Tim Friede has a superpower – he is immune to snake bite.
A self-taught herpetologist (reptile nerd) and venomous snake collector, he began injecting himself with diluted venom from his collection in case he ever got bitten accidentally. Over the last twenty years he has taken on more than 700 doses of snake venom, each slightly stronger than the last, to boost his immunity. He is still alive despite 856 injections and more than 200 bites!
Amongst the snakes in his collection are eastern brown snakes, inland taipans and tiger snakes. All potentially lethal.
Now researchers from the Columbia University’s spinout Centivax, say Friede’s blood and its antibodies could potentially save lives.
“The donor, for a period of nearly 18 years, had undertaken hundreds of bites and self-immunizations with escalating doses from 16 species of very lethal snakes that would normally a kill a horse,” says first author biotechnologist Dr Jacob Glanville of Centivax.
“What was exciting about the donor was his once-in-a-lifetime unique immune history,” says Glanville. “Not only did he potentially create these broadly neutralizing antibodies, in this case, it could give rise to a broad-spectrum or universal antivenom.”
Building the antivenom included creating a testing panel with 19 of the World Health organisation’s (WHOs) category 1 and 2 deadliest elapid snakes, including coral snakes, cobras, taipans, mambas and kraits. Elapids are a family of mostly-venomous snakes with permanently erect fangs at the front of the mouth.
The team then isolated antibodies from Friede’s blood which were then reacted with the neurotoxins found in the snakes’ venom. Testing the antibodies one by one, they were able to build a cocktail with enough components to “render all the venoms ineffective” says Glanville.

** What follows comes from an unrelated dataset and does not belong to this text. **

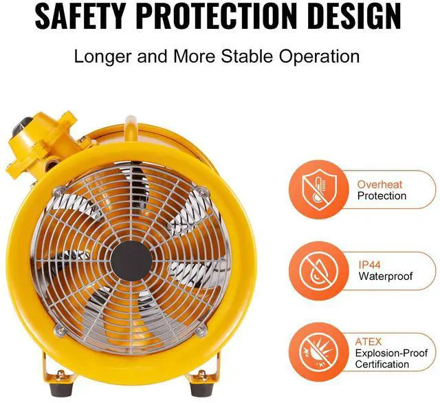 VEVOR Portable Ventilator, 10" Heavy Duty Cylinder Fan, 350W Strong Shop Exhaust Fan 1942CFM, 9.8ft Power Cord (No charging head), Industrial Utility Blower for Sucking Dust, Smoke Home/Workplace

The cocktail contained three major components, including a donor antibody, which protected mice from a lethal dose of whole venom from six of the panel’s snake species, says Glanville. Further strengthening with ‘varespladib’, a known toxin inhibitor, protected against three more species. Adding a second Friede antibody gave protection across the full panel, he adds.
“By the time we reached 3 components, we had a dramatically unparalleled breadth of full protection for 13 of the 19 species and then partial protection for the remaining that we looked at,” says Glanville.

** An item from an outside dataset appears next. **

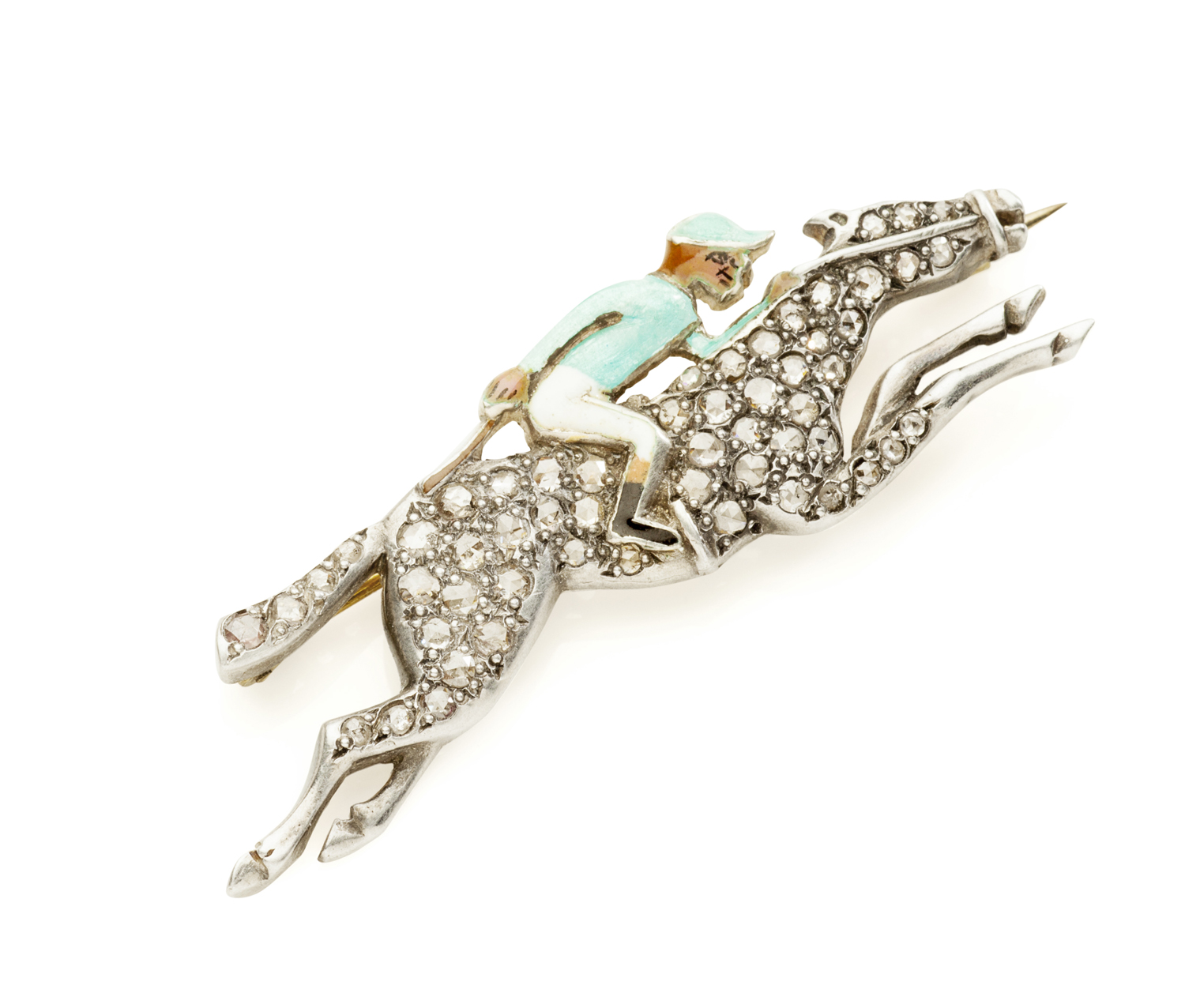 modelled as a race horse and jockey in white metal, the horse set throughout with small rose cut diamonds, the jockey with enamel detail, unmarked

“We were looking down at our list and thought, ‘what’s that fourth agent’? And if we could neutralize that, do we get further protection?” Even without a fourth agent, their results suggest that the three-part cocktail could be effective against many other, if not most, elapid snakes not tested in this study.

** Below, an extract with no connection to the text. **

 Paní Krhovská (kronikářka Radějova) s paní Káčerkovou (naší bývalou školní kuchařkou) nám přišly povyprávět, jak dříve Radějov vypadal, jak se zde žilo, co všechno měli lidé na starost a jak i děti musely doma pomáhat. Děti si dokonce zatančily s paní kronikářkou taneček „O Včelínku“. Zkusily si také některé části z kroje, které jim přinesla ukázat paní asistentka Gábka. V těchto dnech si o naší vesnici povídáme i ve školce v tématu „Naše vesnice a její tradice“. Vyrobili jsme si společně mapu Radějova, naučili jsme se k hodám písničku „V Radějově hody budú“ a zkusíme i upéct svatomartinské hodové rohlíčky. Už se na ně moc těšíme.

“We’re turning the crank now, setting up reagents to go through this iterative process of saying what’s the minimum sufficient cocktail to provide broad protection against venom from the viperids,” says co author Professor Peter Kwong, of Columbia University.
“The final contemplated product would be a single, pan-antivenom cocktail or we potentially would make two: one that is for the elapids and another that is for the viperids because some areas of the world only have one or the other.”
“This is a really cool study,” Dr Timothy Jackson of the Australian Venom Research Unit at the University of Melbourne told Cosmos. “It looks really comprehensive, what they’ve done scientifically, and I applaud them, but we shouldn’t then report it as if it is going to be ‘game-over’ for solving snake-bite.”
“There are going to be things that elude these sorts of broad-spectrum products.” Which means you add more, he says.
“These designed cocktails are the way of the future” he adds, not relying on a horse or some other large animal to produce all the right antibodies, but isolating them, amplifying them, growing our own from those we know are effective at making cocktails. So, this is the right approach.”
But there is much more to solving snakebite than drugs, Jackson says. Making an antivenom is the easiest part of the story, not the end of it, he adds.
“We know how to make an antivenom. Australia has had great antivenoms for decades, and we can make better and better ones with sexier methods”
“But a drug is only as good as your capacity to get it into a patient in a timely manner when they need it. “
Jackson and his team have been working in Papua New Guinea. “The problem in PNG has not been the non-existence of a good taipan anti venom. Australia has been making this for several decades, and it works perfectly well against PNG taipans.”
The problem has been the cost. “The PNG government couldn’t afford enough of it. But even more profoundly, the problem has been distribution, because most of PNG’s population lives outside the major urban centres.”
What if somebody gets bitten but is 10 hours away from the nearest hospital because they don’t have a car and there are no roads? Jackson asks. “How are we going to get that drug to them in time to ensure that the venom’s damage is not irreversible? They may end up on a mechanical ventilator, always assuming there is one available.
“As the World Health Organisation describes it, snakebite envenomation is a multifactorial problem,” says Jackson
The researchers plan to approach philanthropic foundations, governments, and pharmaceutical companies about supporting manufacturing and clinical development of the broad-spectrum antivenom. “This is critical, because although there are millions of snake envenomations per year, the majority of those are in the developing world, disproportionately affecting rural communities,” Glanville says.